Giant Step for Gene Therapy
By LEON JAROFF
She weighed around 35 lbs., came down with an occasional cold or ear infection, and appeared to be a healthy four-year-old. But a dark cloud hung . over her future. She suffered from ADA deficiency, the rare, incurable and deadly genetic disease that shuts down the immune system -- a disorder similar to the one that in 1984 finally claimed the life of David, the famous but unfortunate "bubble boy." Only the weekly injection of a newly developed drug seemed to stand between the little girl and the same fate.
Last week, on the 10th floor of the massive Clinical Center of the National Institutes of Health (NIH) in Bethesda, Md., the still unidentified child assumed a historic role. In the first federally approved use of gene therapy, a team of doctors introduced into her bloodstream some 1 billion cells, each containing a copy of a foreign gene. If all goes well, these cells will begin producing ADA, the essential enzyme she requires, and her devastated immune system will slowly begin to recover.
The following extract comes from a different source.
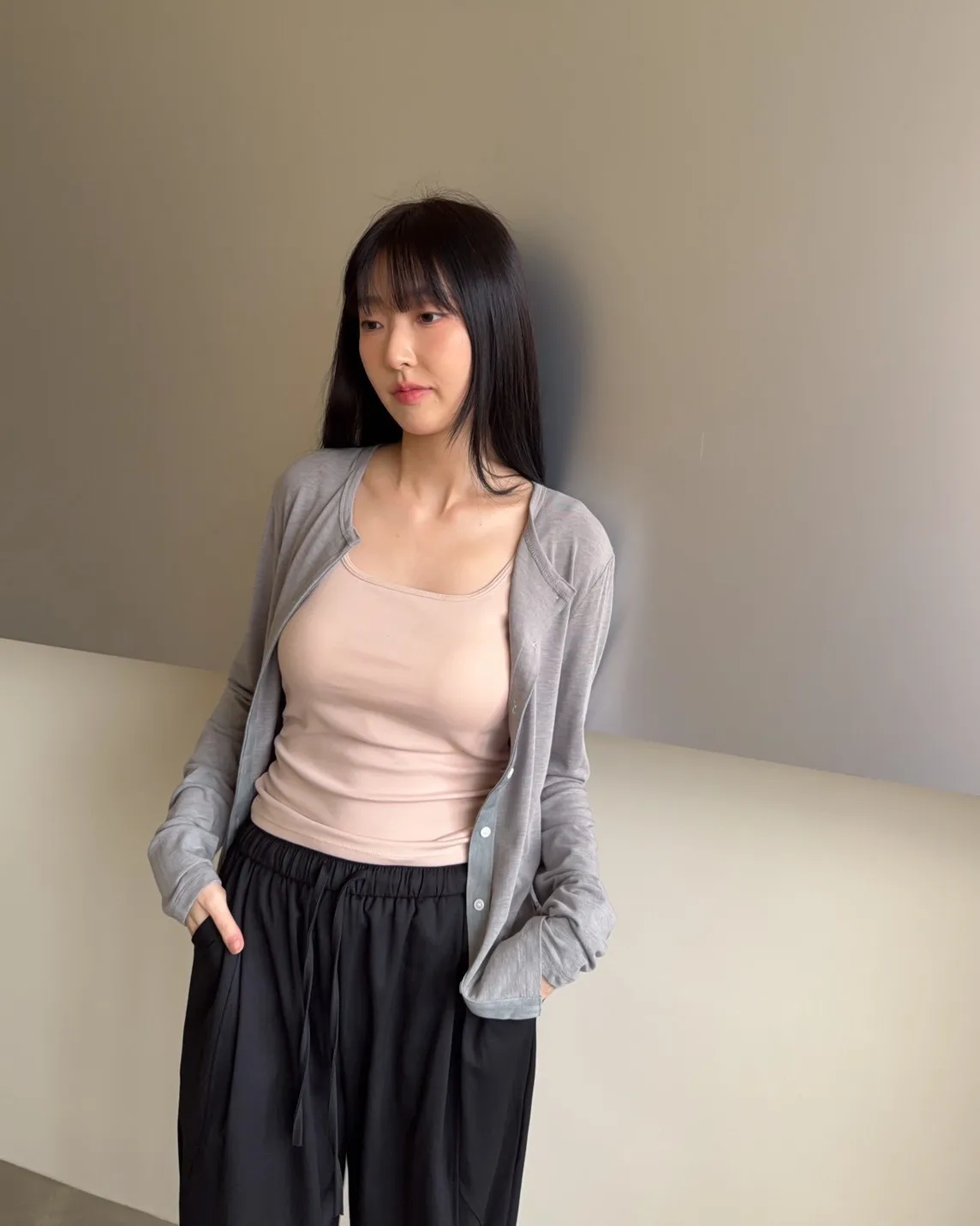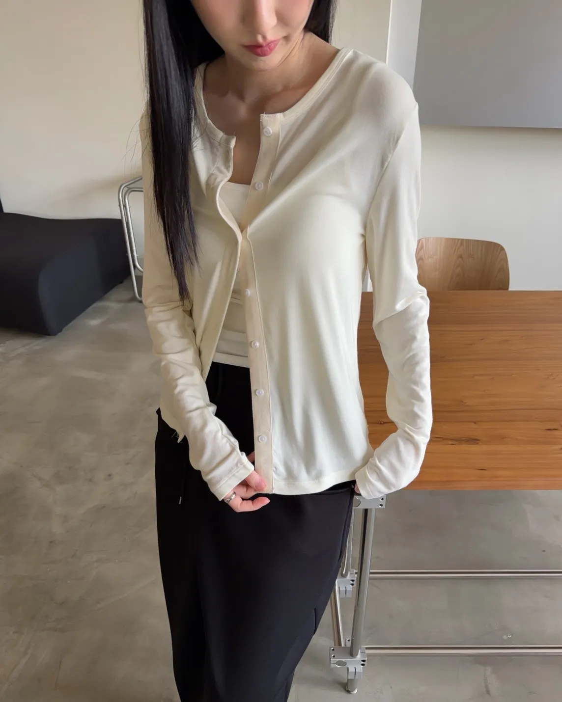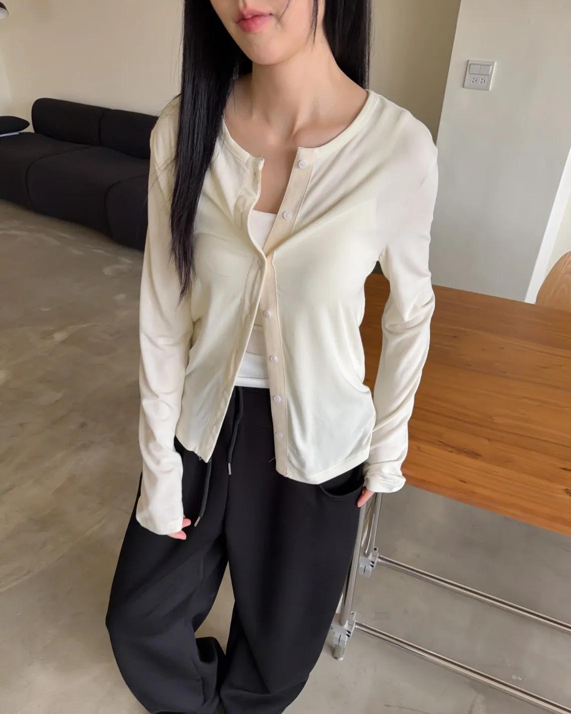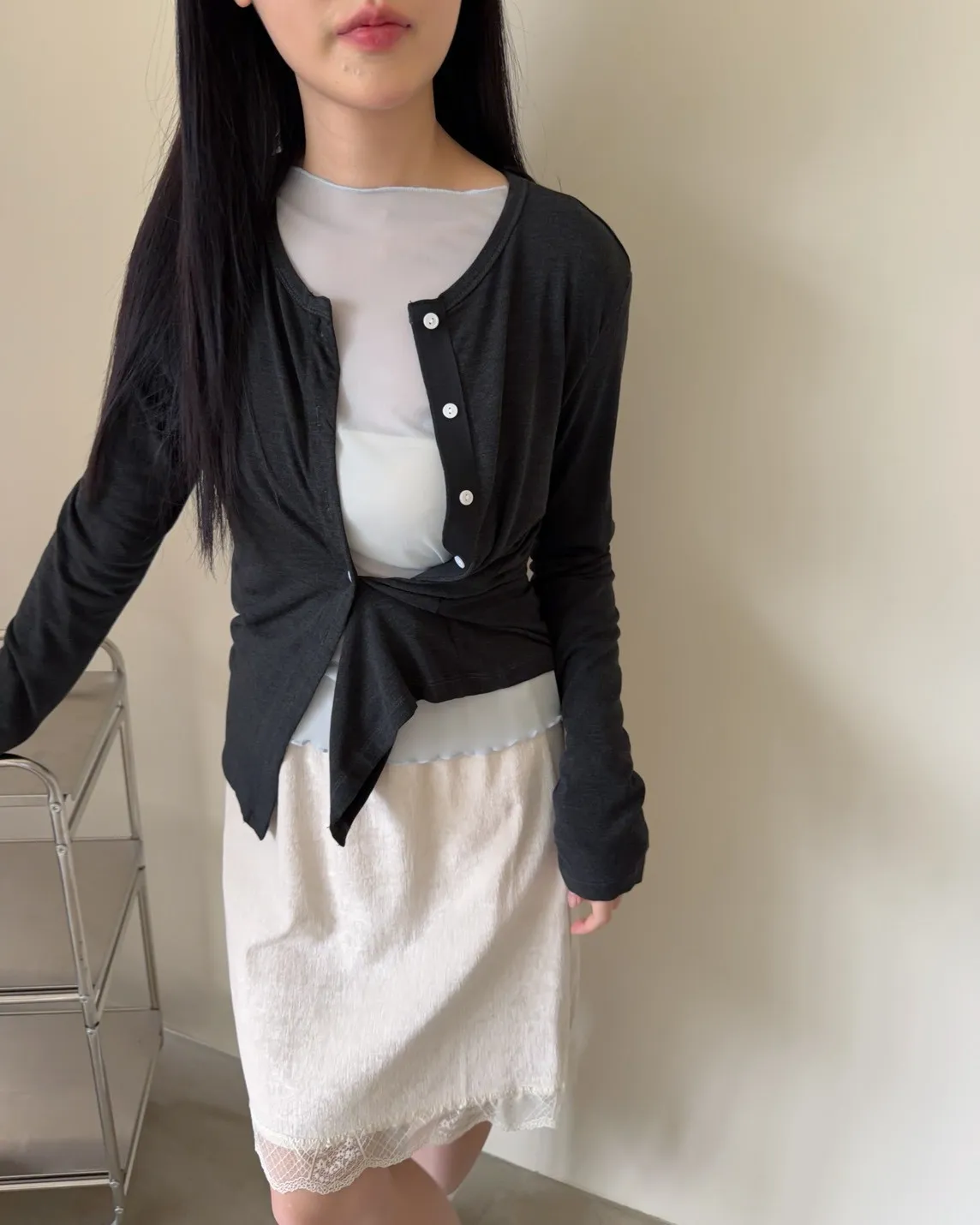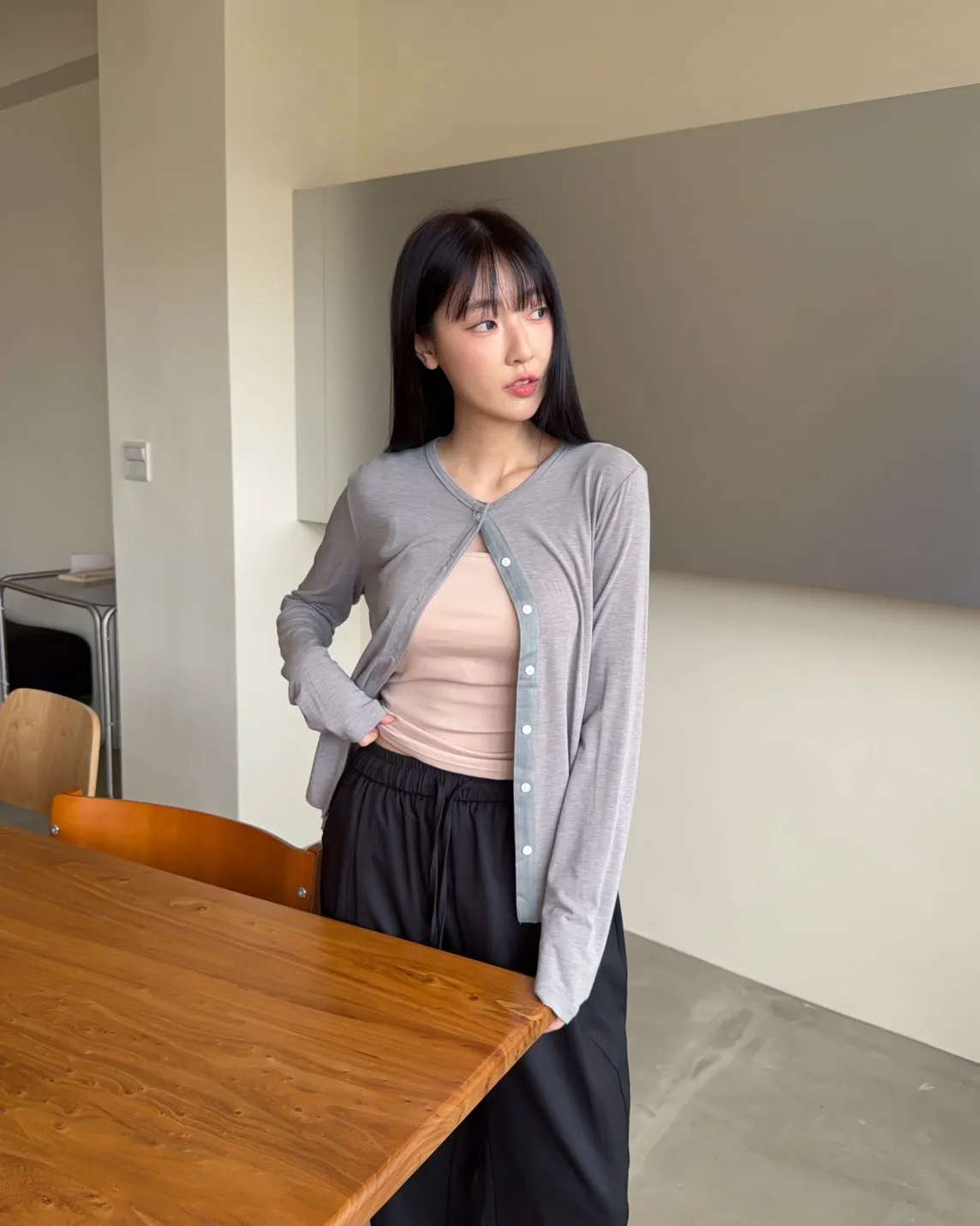 低飽和色系 排扣 薄透 彈性很好很親膚 單側鈕扣可做造型

The procedure lacked the drama of an epochal event. For 28 minutes, a grayish liquid in a suspended plastic bag dripped intravenously into the left hand of the child, who sat upright in a bed in the Clinical Center's pediatric intensive-care unit. That was it. But if the technique works as the doctors hope it will, the results could be little short of miraculous. Their patient may eventually begin to lead a normal life, without need for the costly and only partly effective drug now used to extend the lives of young victims of the disease.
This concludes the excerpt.